Extracted entries:
____________________

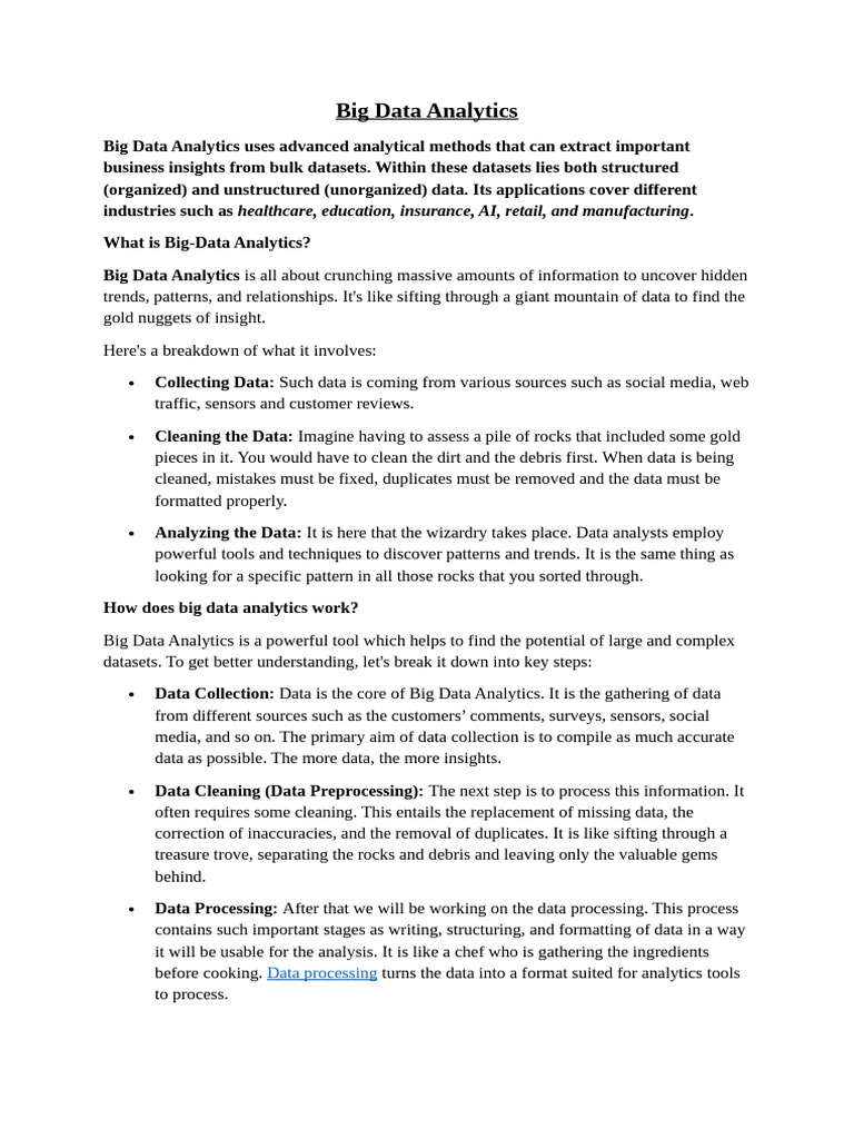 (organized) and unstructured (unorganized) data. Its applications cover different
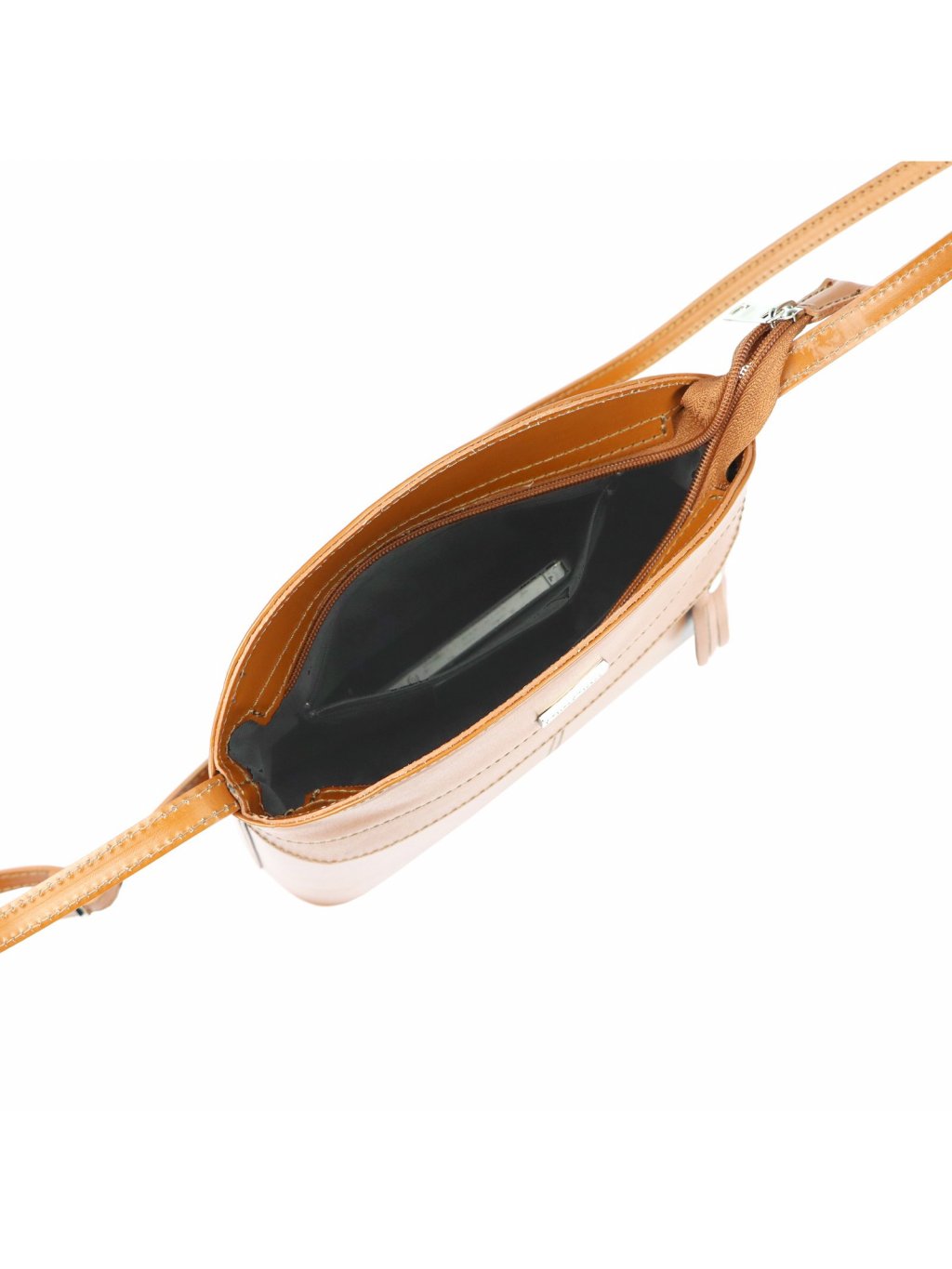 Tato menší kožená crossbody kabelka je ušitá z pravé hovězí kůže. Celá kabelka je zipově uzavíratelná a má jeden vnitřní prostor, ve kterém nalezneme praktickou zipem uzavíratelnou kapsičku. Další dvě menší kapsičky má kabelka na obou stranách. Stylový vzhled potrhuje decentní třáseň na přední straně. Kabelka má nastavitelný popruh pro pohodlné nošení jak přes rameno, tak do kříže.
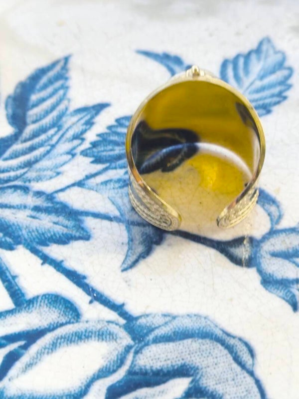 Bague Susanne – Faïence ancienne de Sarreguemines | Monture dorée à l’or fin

____________________

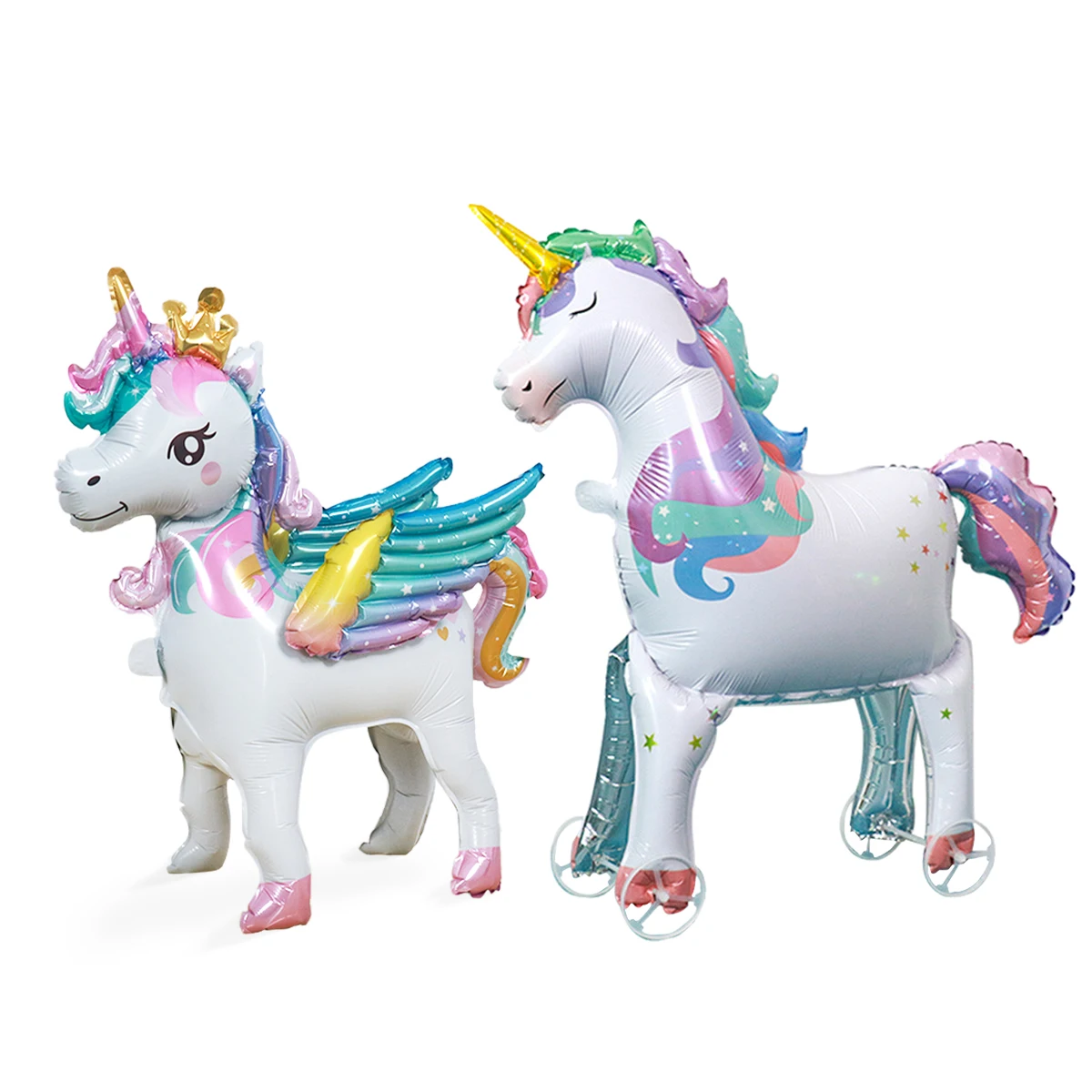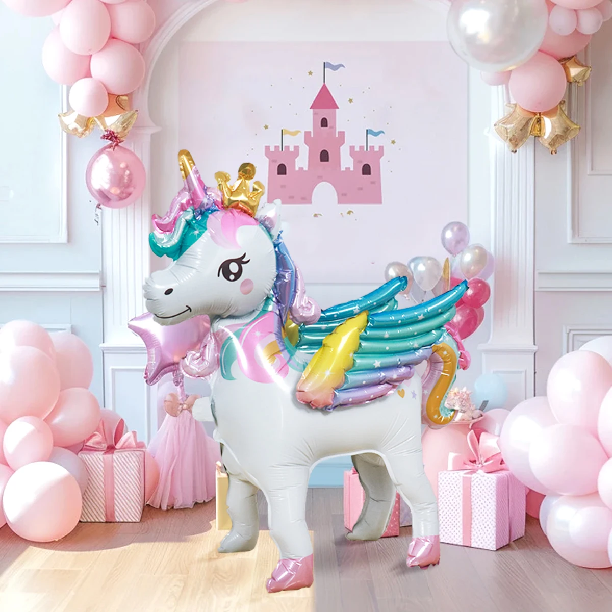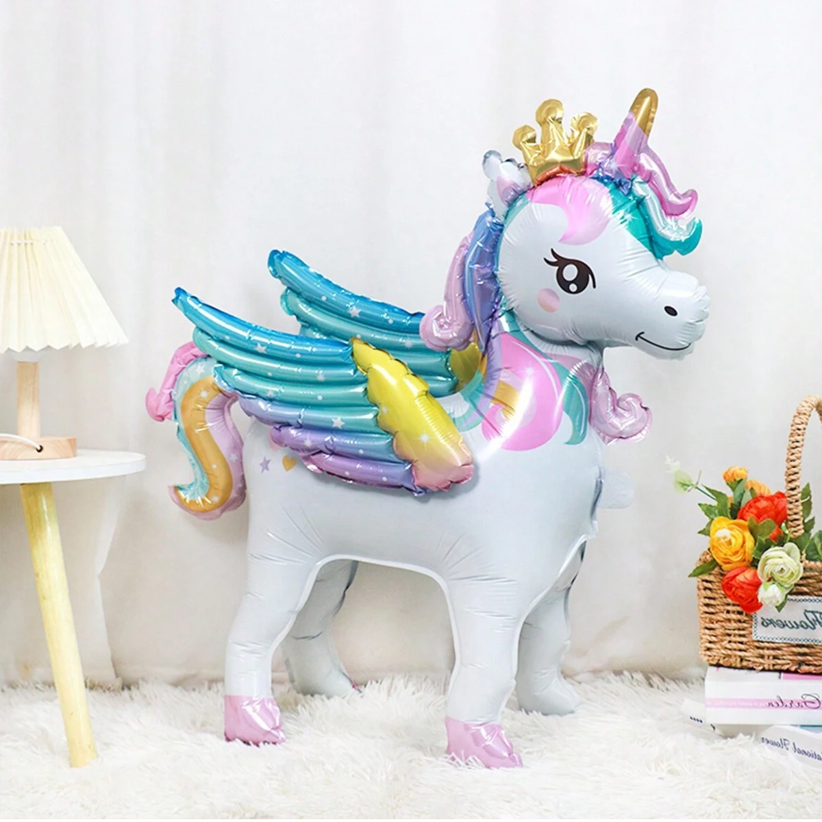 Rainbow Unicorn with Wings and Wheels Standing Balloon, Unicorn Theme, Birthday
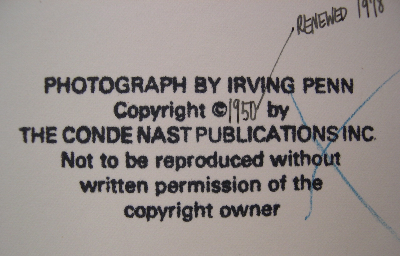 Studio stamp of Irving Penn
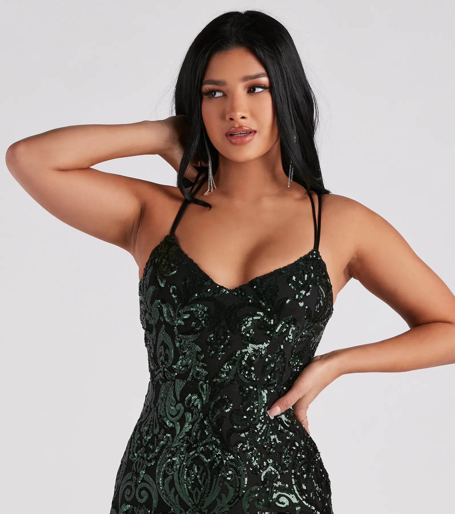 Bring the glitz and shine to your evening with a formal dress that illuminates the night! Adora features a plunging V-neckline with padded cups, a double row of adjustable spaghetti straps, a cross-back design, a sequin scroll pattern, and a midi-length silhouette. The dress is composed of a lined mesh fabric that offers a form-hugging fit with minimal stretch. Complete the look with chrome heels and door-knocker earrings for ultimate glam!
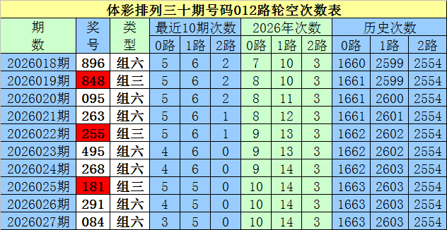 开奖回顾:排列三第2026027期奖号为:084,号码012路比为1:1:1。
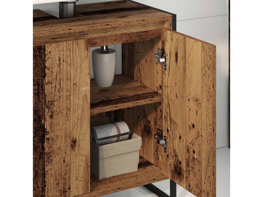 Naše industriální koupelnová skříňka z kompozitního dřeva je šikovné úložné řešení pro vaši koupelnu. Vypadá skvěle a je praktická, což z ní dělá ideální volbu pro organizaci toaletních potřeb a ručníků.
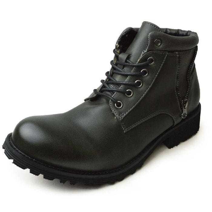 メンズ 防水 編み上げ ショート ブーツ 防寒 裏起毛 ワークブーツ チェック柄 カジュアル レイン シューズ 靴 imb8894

____________________

Work to complete: Using the entries above, write out exactly the lines from the one with "(organized) and unstructured" through the one with "Bague Susanne –", ends included. Leave out any pictures.

Result below:
 (organized) and unstructured (unorganized) data. Its applications cover different
 Tato menší kožená crossbody kabelka je ušitá z pravé hovězí kůže. Celá kabelka je zipově uzavíratelná a má jeden vnitřní prostor, ve kterém nalezneme praktickou zipem uzavíratelnou kapsičku. Další dvě menší kapsičky má kabelka na obou stranách. Stylový vzhled potrhuje decentní třáseň na přední straně. Kabelka má nastavitelný popruh pro pohodlné nošení jak přes rameno, tak do kříže.
 Bague Susanne – Faïence ancienne de Sarreguemines | Monture dorée à l’or fin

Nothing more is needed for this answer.